======== Data shown ========

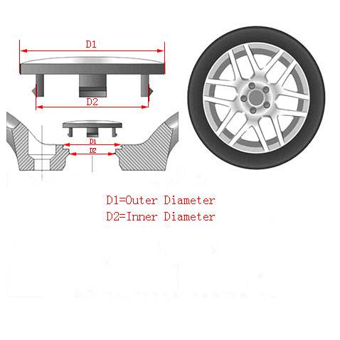 Пожалуйста, измерьте размер (D1 и D2) вашей оригинальной центральной крышки или центрального отверстия колеса, прежде чем сделать заказ.
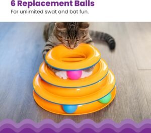 - Improved interactive cat toy with three-level ball track comes with six brightly colored spinning balls to bat, swat, and chase around the tracks
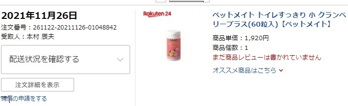 「トイレすっきりクランベリープラス D-マンノース入り」は、マンノースがグルコース代謝の進行を妨げ、がん兵糧責めを期待できるため。発送まで1週間~10日ということでまだ来ていません。
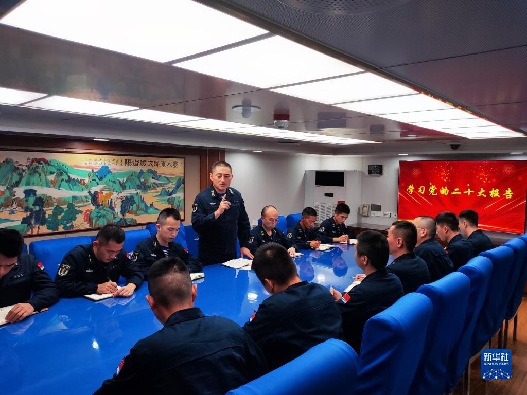 中共中央總書(shū)記、國(guó)家主席、中央軍委主席習(xí)近平24日下午出席軍隊(duì)領(lǐng)導(dǎo)干部會(huì)議時(shí)發(fā)表的重要講話(huà),在解放軍和武警部隊(duì)引起強(qiáng)烈反響。這是東部戰(zhàn)區(qū)海軍護(hù)衛(wèi)艦支隊(duì)迅速組織官兵學(xué)習(xí)習(xí)主席重要講話(huà)(10月25日攝)。新華社發(fā)(劉祎瑋 攝)
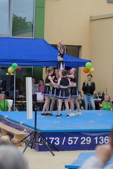 Danach begann das bunte Treiben im und um das Kinderhaus herum. Viele Stände mit Leckereien, Getränken waren aufgebaut. Es gab Sport und Spiel im Schulhof, ein Glücksrad, den Bastelbereich, Kinderschminken, Hüpfburg und die Jugendfeuerwehr war zu Gast. Auch die Stuntshow der Radfahrer wurde mit viel Applaus gewürdigt.

========

Aim of the task:
What is needed is an exact copy of every entry, with the pictures removed.

Written answer:
 Пожалуйста, измерьте размер (D1 и D2) вашей оригинальной центральной крышки или центрального отверстия колеса, прежде чем сделать заказ.
 - Improved interactive cat toy with three-level ball track comes with six brightly colored spinning balls to bat, swat, and chase around the tracks
 「トイレすっきりクランベリープラス D-マンノース入り」は、マンノースがグルコース代謝の進行を妨げ、がん兵糧責めを期待できるため。発送まで1週間~10日ということでまだ来ていません。
 中共中央總書(shū)記、國(guó)家主席、中央軍委主席習(xí)近平24日下午出席軍隊(duì)領(lǐng)導(dǎo)干部會(huì)議時(shí)發(fā)表的重要講話(huà),在解放軍和武警部隊(duì)引起強(qiáng)烈反響。這是東部戰(zhàn)區(qū)海軍護(hù)衛(wèi)艦支隊(duì)迅速組織官兵學(xué)習(xí)習(xí)主席重要講話(huà)(10月25日攝)。新華社發(fā)(劉祎瑋 攝)
 Danach begann das bunte Treiben im und um das Kinderhaus herum. Viele Stände mit Leckereien, Getränken waren aufgebaut. Es gab Sport und Spiel im Schulhof, ein Glücksrad, den Bastelbereich, Kinderschminken, Hüpfburg und die Jugendfeuerwehr war zu Gast. Auch die Stuntshow der Radfahrer wurde mit viel Applaus gewürdigt.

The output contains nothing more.